问题
Hi I'm trying to write a lc3 assembly program which computes the square of a number and stores it in r0, the integer is given as a parameter and is located in r1, the problem i noticed while debugging is during the first pass it initially adds 2, but the second pass it fails to add another 2 to r0 - My code is below any help is appreciated
.orig x3FF8
ld r1,n
ld r5,n
square
add r2,r1,#0
add r5,r5,#-1
add r0,r2,#0
brzp square
brn theend
theend
halt
n .fill #2
.end
my final code thanks to the user who helped:
.orig x3FF8
ld r1,n
ld r5,n
square
add r2, r2,r1
add r5,r5,#-1
brp square
theend
halt
n .fill #4
.end
回答1:
If I remember LC-3 syntax correctly, add r2,r1,#0 does r2 = r1 + 0, so it was never actually adding to r2, just overwriting it with r1.
You want something like that outside the loop to initialize r2.
But inside the loop, you want add r2, r2, r1 which does r2 = r2 + r1, i.e. r2 += r1.
I don't understand why you have add r0,r2,#0 inside the loop as well.
If you want the final result in r0, accumulate it in r0 in the first place.
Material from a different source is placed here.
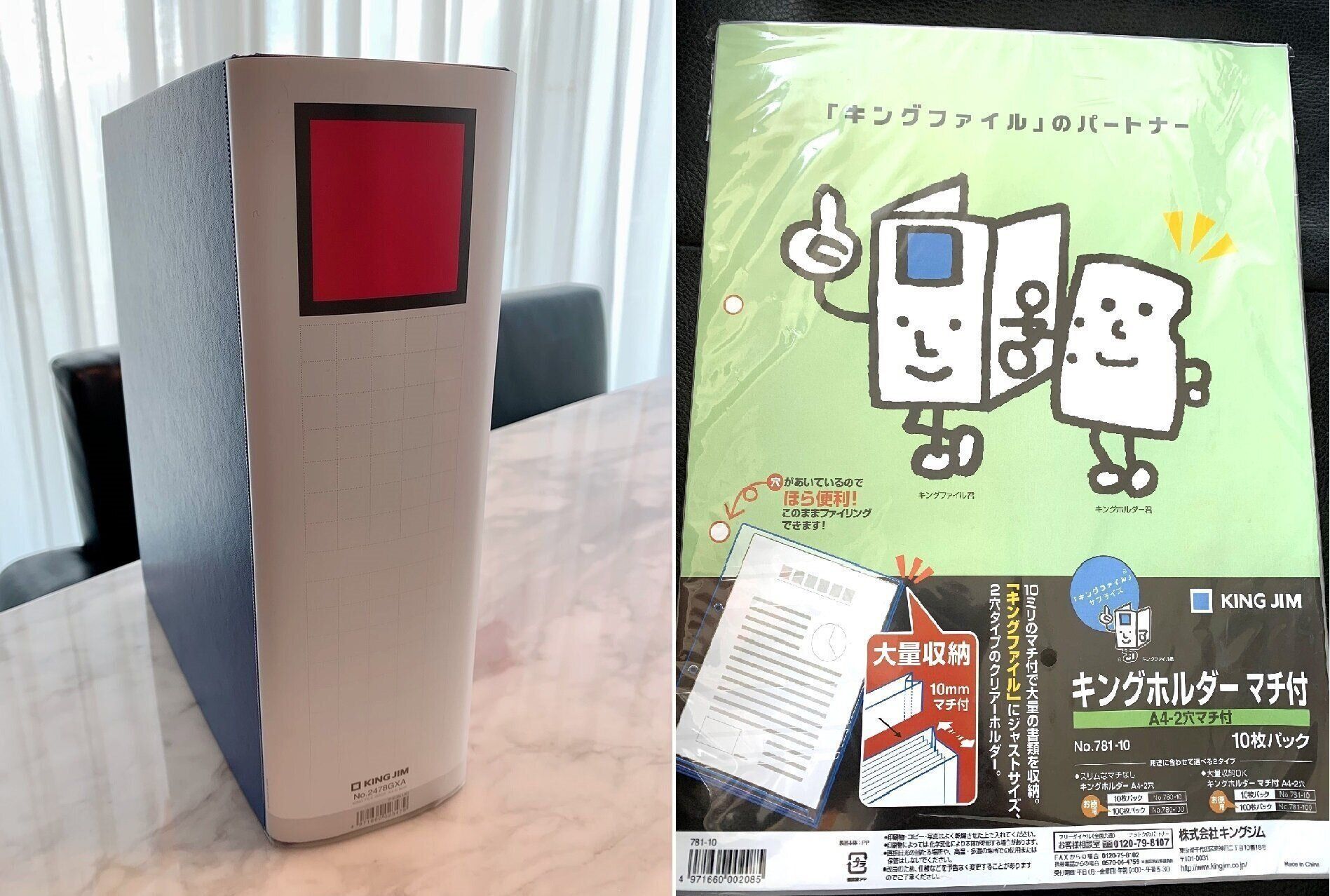 取説はまとめると重さや厚みがでるので、丈夫で沢山入るサイズのものを選ぶのがおすすめです。我が家では、キングジムの「リングファイル」と「ホルダーファイル」を使っています。ホルダーファイルは、マチ付のものを選ぶことで厚みがある取説も収納しやすくなります。

Of if that was supposed to be a sum of sums, then you have the same bug.
Also note that add r5,r5,#-1 needs to be last so condition code flags are set from it for the loop branch, not from add r0, r0, r2 or whatever else you need inside the loop.
Also: brn theend is totally useless: theend is on the next line, and execution continues to the next line on its own. You don't have to jump over whitespace in the source!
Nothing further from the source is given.